In general, I blame fear for the evils of the world. It’s an
annoying habit of mine, to try to make sense of everything, and to look for
root causes everywhere. Why does that family member make irrational and
self-destructive decisions? Why does that colleague lash out at team members in
meetings? Why did my cousin’s wife's sister get
nasty in a debate about prayer in school and unfriend me on Facebook? Why? It
usually seems to come down to fear. Yeah, okay, I’m not fearless. Hell, I get
scared about all kinds of stupid things. Skiing moguls. Dancing in public. Job
interviews. But I’ve been figuring out how to get past it and live with it
since I was a little girl.
I’ll tell you what I’m really scared of. I’m terrified of
global warming. I’m frightened for my children and their futures. I look back
on my own childhood and the blissful innocence and ignorance I had, we all had,
about our world, and sometimes I want so badly to wish myself back to that
place. I wish I could go back to an Austin without traffic jams, a Texas that
had open country between the cities, a Dallas with endless flocks of birds and
the Milky Way in the sky at night. I can wish with all my might for this, but
there is no going back, and forward looks pretty horrifying. Desertification,
mass extinctions, coastal flooding, famine, economic and political collapse.

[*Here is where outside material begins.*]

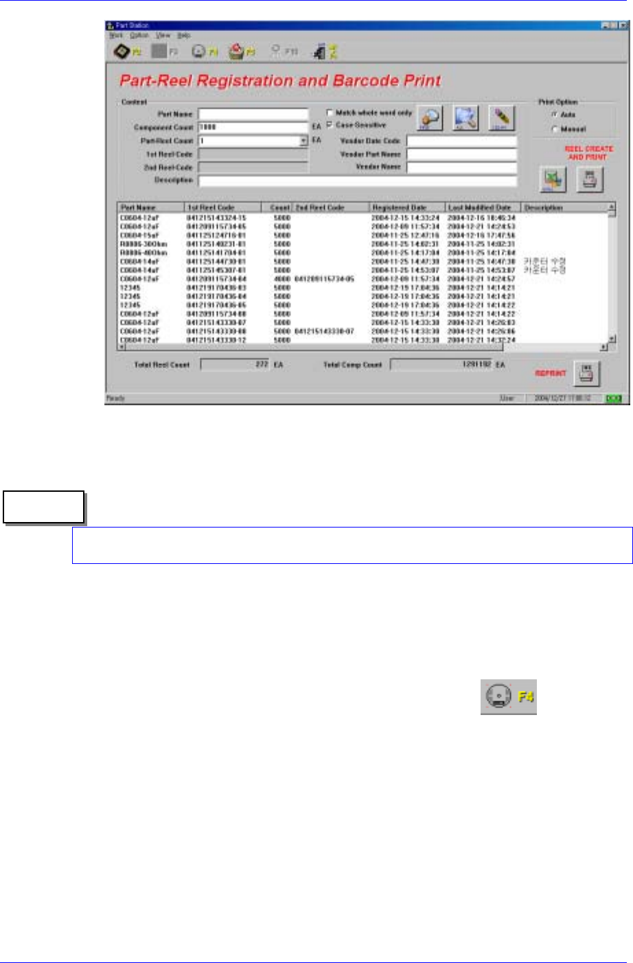 Part S tation 2-9 Figur e 2-7.Part Reel Regi stration scr een Memo When reprinting the barcode, ensure that more than two identical barcodes do not exist. If an identical barcode is attached to a diff erent part reel, …
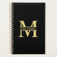 featuring personalised monogram in gold classic serif font style with box of name in the middle of monogram on black background.

I’m a natural optimist, but even the best-case scenarios are awful to
contemplate.
The climate-change deniers might be able to fool a few
people for a little while, but I don’t think they’re fooling themselves. I
think this ridiculous war on women’s rights is a desperate attempt by people
of little courage and less honesty to attempt to control something, anything,
in this big scary modern mess of a world we’ve created. Women’s bodies are
intimately connected to the rhythms of the earth, to life and death and the
warm mucky wormy soil. Our destruction of the planet and systemic violence
against women are two symptoms of the same disease. These fundamentalists and
their pet politicians remind me of toddlers screaming at and kicking the mother
who said ‘no’ to that toy at the store. Just as our mothers controlled our
lives and choices when we were young, Mother Nature rules us all. Her laws are
immutable; no matter how much we rail against her authority we hold no sway
over her decisions. Her body gives birth to us, nurtures and holds and inspires
us, and eventually consumes us when our span of years is complete. For
centuries, our societies and religions revered and deified the Mother, but as
Judaism, Christianity, and Islam spread across the globe, the Goddess was demonized
and driven underground. The lives and bodies of women as well as the earth
itself were reduced to resources entrusted to man by a male God. This myth of
human domination and control of nature is so interwoven into our social
structures, our economies, our language, and our lives that it is almost
impossible to travel to a different mental space and imagine a different
philosophy.
The current attempt to legislate and codify sexual activity,
family life, and child-bearing is the terrified midnight screaming of men and
women who are trying to hide from the catastrophe of a failing civilization.
The news today of legislators in North Carolina attempting to create an
official state religion is just one more foolish attempt to build a wall around
the reality we choose instead of facing the reality that is. There is only one
word for this: insanity.
What is the cure for this madness? People of courage must
be willing to stand unflinchingly in front of the gates of the hell we have
created. We must open our doors and invite terror and death and despair to the
table. We must play the cards that we hold because there is no ace up our
sleeves, and we all know it. Shall I deal you in?